広告代理店とか映像制作会社とか、説明会にも面接にも周りに習ってちゃんと行った。
でも、みんなが同じリクルートスーツを着て並んでるのを見てると、なんだか気持ち悪かった。
「社会って、こんなにも“枠”にはまってないといけないものなの?」と、冷めた気持ちが心のどこかにずっとあった。
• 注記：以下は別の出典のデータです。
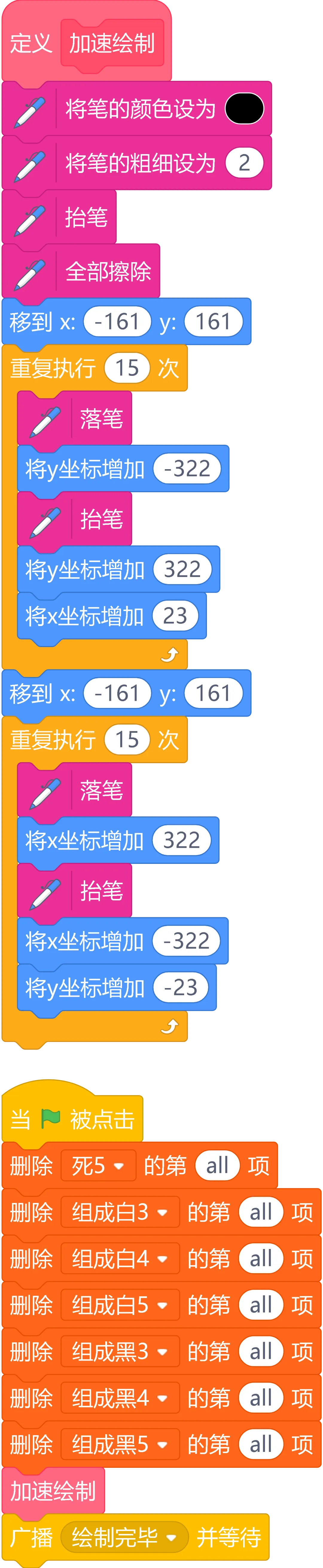 游戏初始化:舞台发送"游戏开始"广播,绘制棋盘角色绘制棋盘,其他角色做好准备
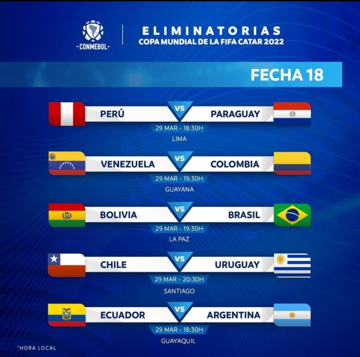 A continuación el programa de juegos de la décima octava fecha rumbo a Catar 2022:
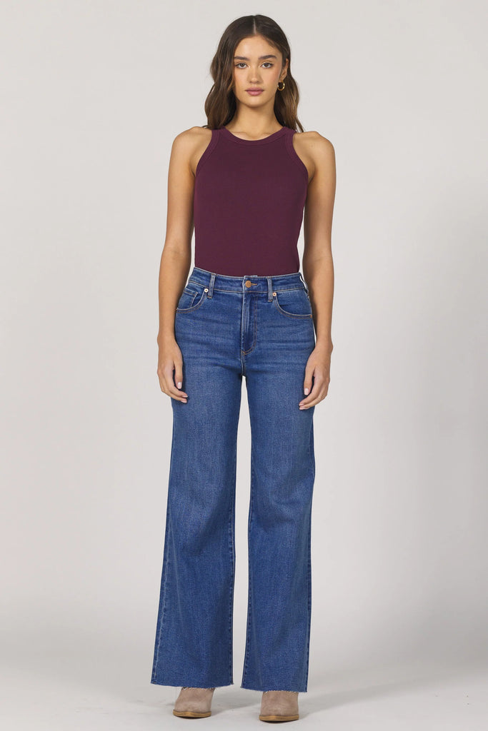 Elegance of the Fiona wide leg jean in Midtown wash, designed for the modern fits with high-rise that redefines chic with their cut-off hem, offering a contemporary twist on a classic silhouette.
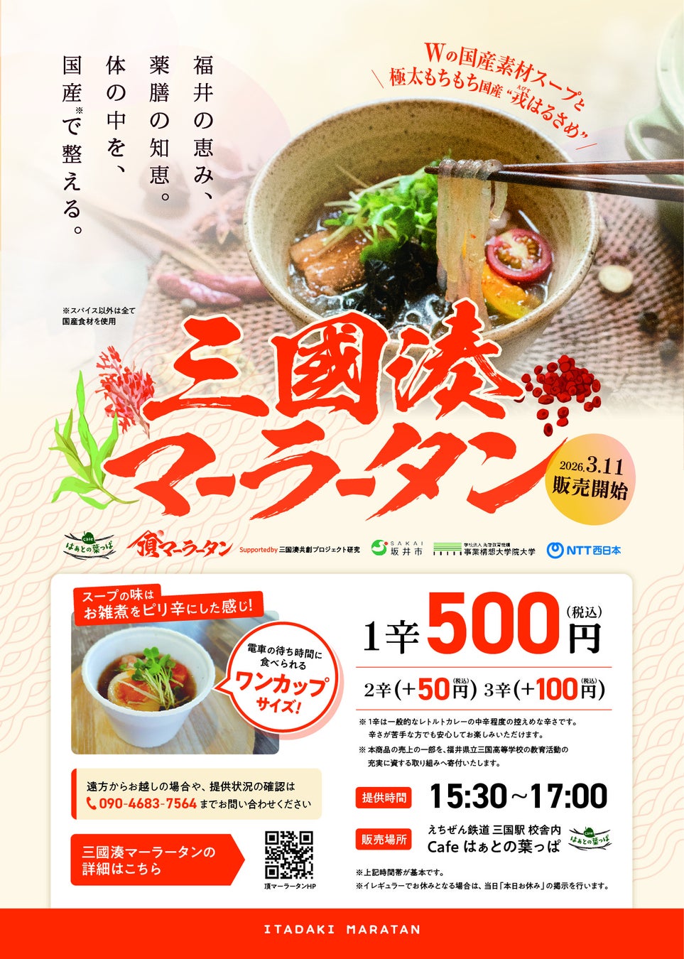 「三国湊共創プロジェクト研究」を通じて、三国駅前にマーラータン店を出店する企画が実現することを、心より嬉しく思います。

面接帰りの電車の中で、窓に映るマンションや高層ビルが牢屋のように見えた。
かといって、スーツを着ずに無職のまま卒業する勇気もなくて、
「このままじゃヤバい」って思いながら、就活を続けていた。
だけど、私が面接で聞きたいことって「どれくらい休めますか?」だけだった。
その瞬間、心の中で思った。
――あ、私、働く気ないわ。社会不適合者だ。
そんなときになんとなくノートに書いたネームが、しっかり起承転結ができていることに気づいた。
始めて漫画らしい漫画をかけたことに、私は震えた。
それが引き金となり、「これは完成させなきゃ!」と投稿用の漫画にすることを決めた。
みんなが就活を頑張っている中、私は夢中で漫画を描いた。
今までならろくに読まなかった漫画雑誌の巻末にある「漫画投稿ページ」の批評欄をしっかり読み込んで、
「ここに書かれてることを全部やったら、デビューできるかもしれない」って、できることは全部取り組んだ。
“好きな作家を模写しろ”と他の人の批評欄に何度も書かれてたから、大好きなジョージ朝倉さんの目の描き方をひたすら真似した。
似てるかどうかなんて今見ると悲しいくらい似てないんだけど、机に貼って、睨みつけるように観察して、真似して。
見つけてもらうには自分を変えるしかないって思って、個性至上主義だった私が初めて
「人に読んでもらうために、自分の絵を変えよう」
と思って努力した。
そして16ページの読み切りを完成させて、
またもや私は遊園地に行くようなワクワク感で出版社に持ち込みに行った。
就活の面接では、あんなに気が重くて、自分がつまらないコマの一部にしか思えなかったのに、漫画の持ち込みは違った。
だって、それは一対一で、自分の「作品」を見てもらえる場だったから。
そして、その持ち込みでついに担当さんがついた。
しかも、その担当さんがイケメンだった。
私はそこからさらに謎のスイッチが入って、
「担当さんに漫画を褒められたい!なんなら私のことも可愛いと思ってくれ!!」と半年で7キロ痩せた。
個性至上主義の私は、ここでも「可愛いと思ってもらうには、世間一般のかわいい基準をまず知らねば!」と、服を総入れ替え。
初めてマネキン買いをした。
漫画で学んだことを他のことにも適用し始めたのだ。
イケメン担当により、漫画創作意欲も美意識スイッチも入った私は、次の作品でデビューする。
しかも、ありがたいことに大学在学中にデビューし、卒業と同時に初連載が決まった。
しかし、このあと、私は「連載=ゴール」じゃなかったってことに気づかされる。
本当の“迷子”は、ここから始まったんだと思う。